The fact that the web page points out that:

  • The pipe server creates a fixed number of pipe instances.

and

  • Although the example shows simultaneous operations on different pipe instances, it avoids simultaneous operations on a single pipe instance by using the event object in the OVERLAPPED structure. Because the same event object is used for read, write, and connect operations for each instance, there is no way to know which operation's completion caused the event to be set to the signaled state for simultaneous operations using the same pipe instance

you can probably safely assume that it's not as scalable as it could be; it's an API usage example after all; demonstration of functionality is usually the most important design constraint for such code.

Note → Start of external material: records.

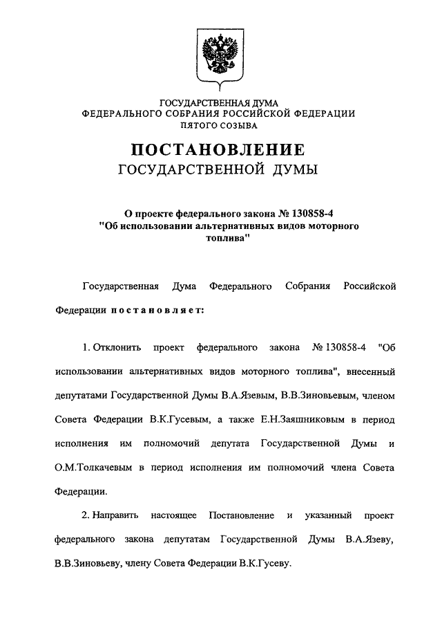 "О ПРОЕКТЕ ФЕДЕРАЛЬНОГО ЗАКОНА N 130858-4 "ОБ ИСПОЛЬЗОВАНИИ АЛЬТЕРНАТИВНЫХ ВИДОВ МОТОРНОГО ТОПЛИВА"
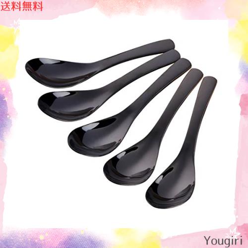 Buyer Star レンゲ スプーン 5本組 ラーメン スープ カレー 中華丼 れんげ 18-8 ステンレス製 金属食器 厚い 蓮華 食洗機対応 抗菌 ブラ
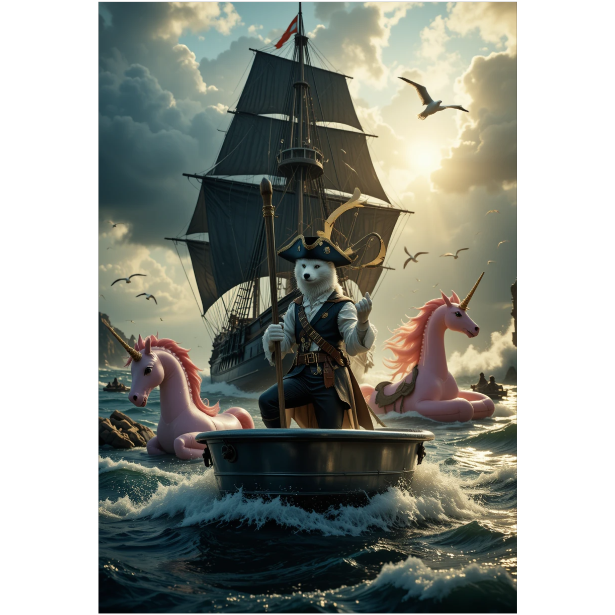 Opening with layered accordion and rowdy folk guitars, the sea shanty rock groove launches into raucous maritime chaos, Narration with comedic timing weaves in, punctuated by abrupt hip hop beats and cheeky scratching, ASMR whispers and creative 3D panning enhance the absurd storytelling, with chorus and verses bouncing between riotous group chants, FX-driven transitions, and immersive soundscapes that amplify the unpredictable fun
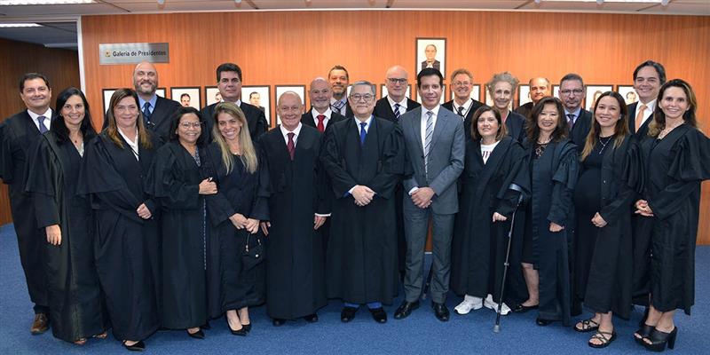 Ciro Brandani Fonseca (terno cinza) ao lado do presidente Carlos Muta e demais desembargadores (Foto: Acom/TRF3)

If you need 12 clients making 10 connections per second then I'd personally have the server able to handle MORE than just 12 clients to allow for the period when the server is preparing for a new client to connect... Personally I'd switch to using sockets but that's just me (and I'm skewed that way because I've done lots of high performance socket's work and so have all the code)...

Len Holgate
Well putting sockets aside, since I think the focus here is the Windows asynchronous I/O constructs being used, I guess the question is what's a better way to get asynchronous I/O for named pipes with low CPU util. Would doing simultaneous I/O on a single pipe instance really be better performance? Would it beat simply upping the number of instances?I presume that is what you suggested doing above when you said you'd have more than 12 instances if 12 clients were needed?
Leeks and Leaks
I'd use IO Completion Ports if possible as that will give you the most scalable I/O at the expense of some more complexity (you'd also be allowing multiple read/write operations which would mean that you'd be managing multiple 'per operation' OVERLAPPED structures and this would give higher read/write performance). However, perhaps it would be better for you to describe the actual problem in more detail; "starved" is a little vague. Are these clients failing to connect? or failing to send/recv? What problem are you trying to solve here?